Supplied data section start

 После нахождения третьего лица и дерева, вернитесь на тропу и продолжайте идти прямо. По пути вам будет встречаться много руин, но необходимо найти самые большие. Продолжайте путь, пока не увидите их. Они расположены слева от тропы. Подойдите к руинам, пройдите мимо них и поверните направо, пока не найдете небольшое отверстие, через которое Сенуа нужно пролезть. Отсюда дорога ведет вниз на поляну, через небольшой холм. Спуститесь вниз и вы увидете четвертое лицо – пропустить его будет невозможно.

Supplied data section end
Supplied data section start

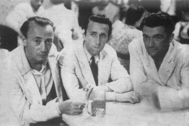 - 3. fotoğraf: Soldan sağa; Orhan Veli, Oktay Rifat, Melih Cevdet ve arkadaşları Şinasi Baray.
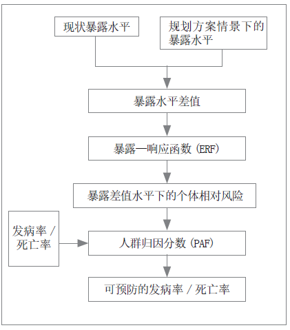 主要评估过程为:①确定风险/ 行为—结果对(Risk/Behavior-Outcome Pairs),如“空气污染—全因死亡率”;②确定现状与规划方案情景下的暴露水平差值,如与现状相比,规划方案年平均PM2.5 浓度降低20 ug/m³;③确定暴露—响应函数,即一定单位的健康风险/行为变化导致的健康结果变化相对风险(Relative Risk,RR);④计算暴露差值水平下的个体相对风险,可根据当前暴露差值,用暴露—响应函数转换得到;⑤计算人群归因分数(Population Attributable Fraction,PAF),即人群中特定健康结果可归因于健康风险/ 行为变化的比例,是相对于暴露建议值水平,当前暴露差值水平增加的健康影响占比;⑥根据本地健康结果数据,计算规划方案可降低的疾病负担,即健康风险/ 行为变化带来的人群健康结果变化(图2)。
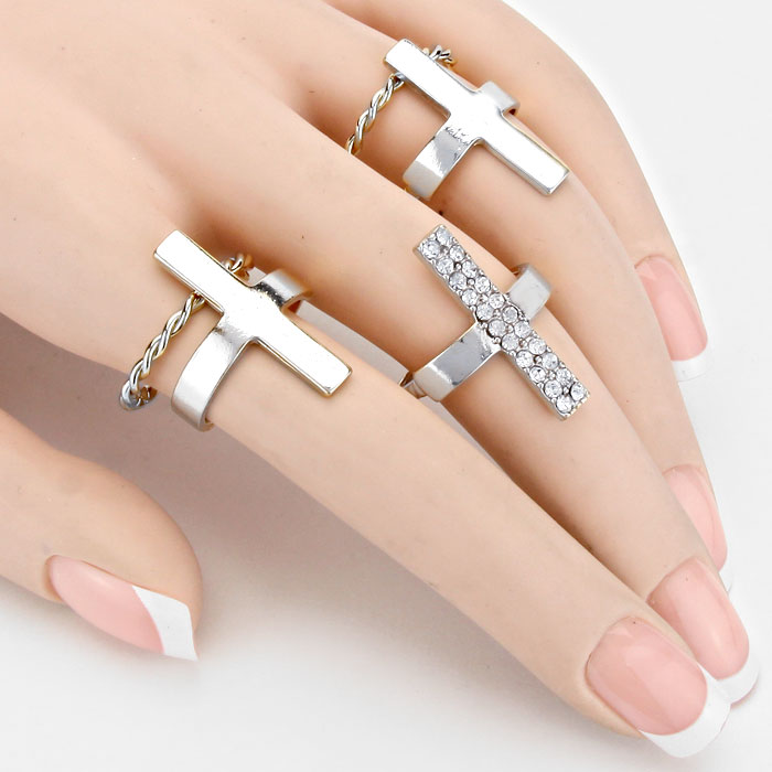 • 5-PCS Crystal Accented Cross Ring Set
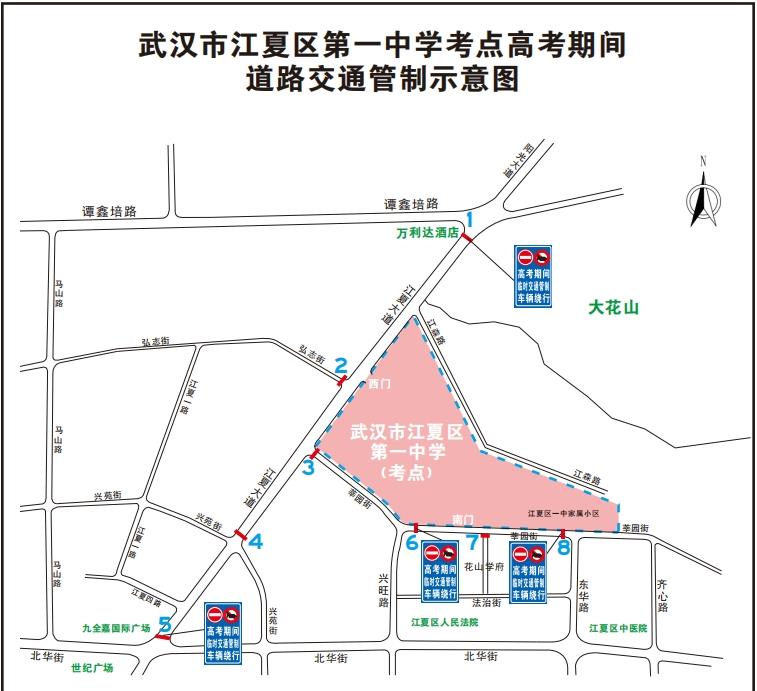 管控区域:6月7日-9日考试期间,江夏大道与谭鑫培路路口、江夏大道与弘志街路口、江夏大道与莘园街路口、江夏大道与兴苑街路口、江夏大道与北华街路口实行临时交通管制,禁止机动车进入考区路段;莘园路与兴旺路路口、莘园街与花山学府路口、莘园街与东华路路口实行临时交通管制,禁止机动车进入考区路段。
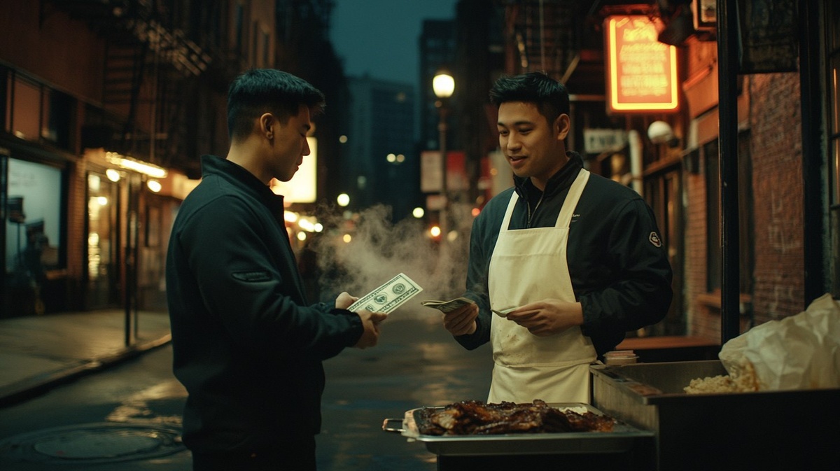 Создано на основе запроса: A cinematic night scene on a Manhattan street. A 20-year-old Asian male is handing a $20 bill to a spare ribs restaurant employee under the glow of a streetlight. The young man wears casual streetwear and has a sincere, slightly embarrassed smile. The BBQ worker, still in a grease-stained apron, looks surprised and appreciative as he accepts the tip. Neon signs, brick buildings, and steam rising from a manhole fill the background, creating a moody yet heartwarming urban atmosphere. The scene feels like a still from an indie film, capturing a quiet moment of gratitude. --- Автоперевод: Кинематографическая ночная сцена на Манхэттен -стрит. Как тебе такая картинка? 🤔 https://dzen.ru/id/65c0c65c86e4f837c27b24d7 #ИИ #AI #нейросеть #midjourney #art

Supplied data section end

[What is expected]: Your reply should hold nothing but the lines above, from the one containing "管控区域:6月7日-9日考试" to the one containing "Создано на основе", reproduced exactly minus the pictures.

[Answer to the problem]:
 管控区域:6月7日-9日考试期间,江夏大道与谭鑫培路路口、江夏大道与弘志街路口、江夏大道与莘园街路口、江夏大道与兴苑街路口、江夏大道与北华街路口实行临时交通管制,禁止机动车进入考区路段;莘园路与兴旺路路口、莘园街与花山学府路口、莘园街与东华路路口实行临时交通管制,禁止机动车进入考区路段。
 Создано на основе запроса: A cinematic night scene on a Manhattan street. A 20-year-old Asian male is handing a $20 bill to a spare ribs restaurant employee under the glow of a streetlight. The young man wears casual streetwear and has a sincere, slightly embarrassed smile. The BBQ worker, still in a grease-stained apron, looks surprised and appreciative as he accepts the tip. Neon signs, brick buildings, and steam rising from a manhole fill the background, creating a moody yet heartwarming urban atmosphere. The scene feels like a still from an indie film, capturing a quiet moment of gratitude. --- Автоперевод: Кинематографическая ночная сцена на Манхэттен -стрит. Как тебе такая картинка? 🤔 https://dzen.ru/id/65c0c65c86e4f837c27b24d7 #ИИ #AI #нейросеть #midjourney #art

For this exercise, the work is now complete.